Extract exactly the lines from the top of the records through the line containing "風穴にある分岐標識 | ガレ場の急登を喘ぐ |", and keep pictures out of the copy.

» Data for this exercise:
━━━━━━━━━━━━━━━━

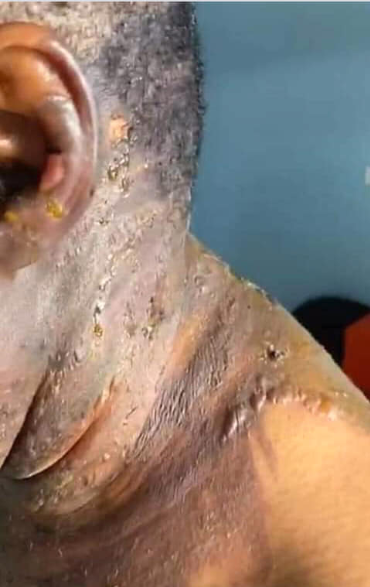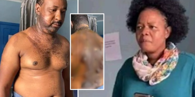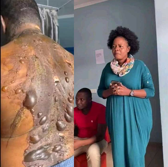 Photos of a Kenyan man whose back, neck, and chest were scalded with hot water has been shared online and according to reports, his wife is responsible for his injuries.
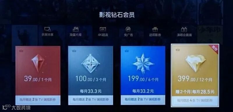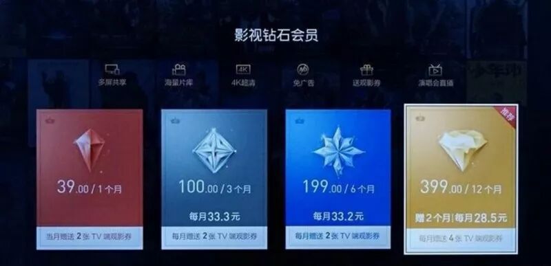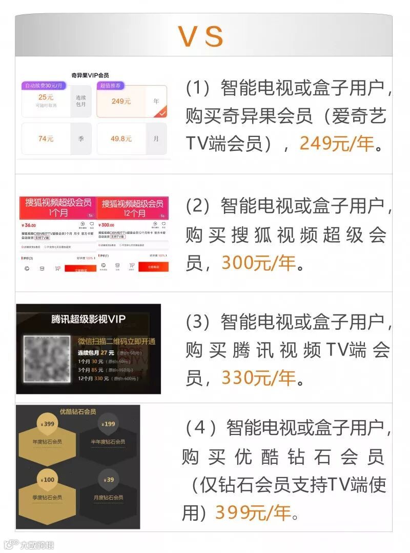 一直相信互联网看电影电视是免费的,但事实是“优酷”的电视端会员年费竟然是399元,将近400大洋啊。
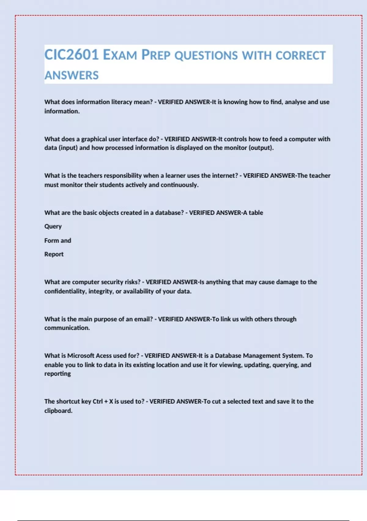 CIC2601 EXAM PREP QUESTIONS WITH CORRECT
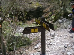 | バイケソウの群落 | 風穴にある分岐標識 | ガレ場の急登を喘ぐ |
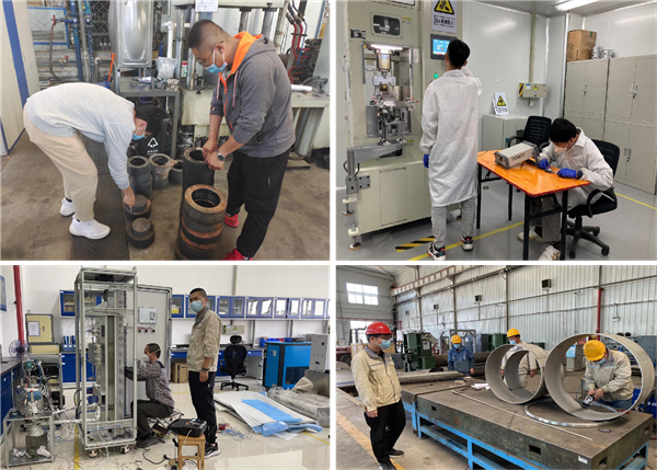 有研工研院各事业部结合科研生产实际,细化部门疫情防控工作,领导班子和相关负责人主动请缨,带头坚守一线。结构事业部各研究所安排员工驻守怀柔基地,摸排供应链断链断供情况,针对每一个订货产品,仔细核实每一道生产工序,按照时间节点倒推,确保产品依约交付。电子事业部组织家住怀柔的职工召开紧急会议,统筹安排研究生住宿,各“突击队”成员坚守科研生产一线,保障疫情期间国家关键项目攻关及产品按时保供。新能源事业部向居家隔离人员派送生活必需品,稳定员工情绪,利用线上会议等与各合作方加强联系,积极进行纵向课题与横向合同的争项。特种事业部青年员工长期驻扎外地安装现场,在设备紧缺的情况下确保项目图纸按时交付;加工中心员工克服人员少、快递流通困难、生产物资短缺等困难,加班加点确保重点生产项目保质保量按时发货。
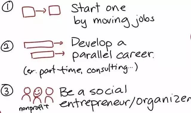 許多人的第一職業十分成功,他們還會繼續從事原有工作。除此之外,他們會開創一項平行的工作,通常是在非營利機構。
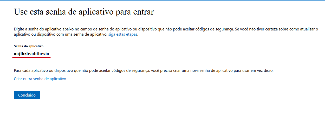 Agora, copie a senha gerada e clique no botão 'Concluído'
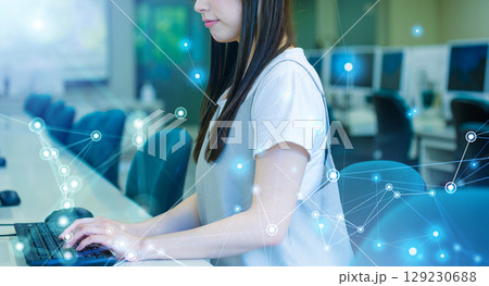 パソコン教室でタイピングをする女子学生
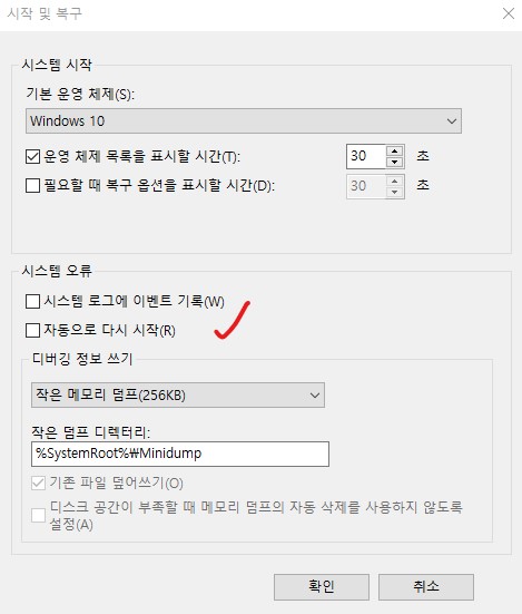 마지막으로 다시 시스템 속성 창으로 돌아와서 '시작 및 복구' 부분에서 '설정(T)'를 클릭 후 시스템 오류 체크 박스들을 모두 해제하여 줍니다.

━━━━━━━━━━━━━━━━

» Answer space:
 Photos of a Kenyan man whose back, neck, and chest were scalded with hot water has been shared online and according to reports, his wife is responsible for his injuries.
 一直相信互联网看电影电视是免费的,但事实是“优酷”的电视端会员年费竟然是399元,将近400大洋啊。
 CIC2601 EXAM PREP QUESTIONS WITH CORRECT
 | バイケソウの群落 | 風穴にある分岐標識 | ガレ場の急登を喘ぐ |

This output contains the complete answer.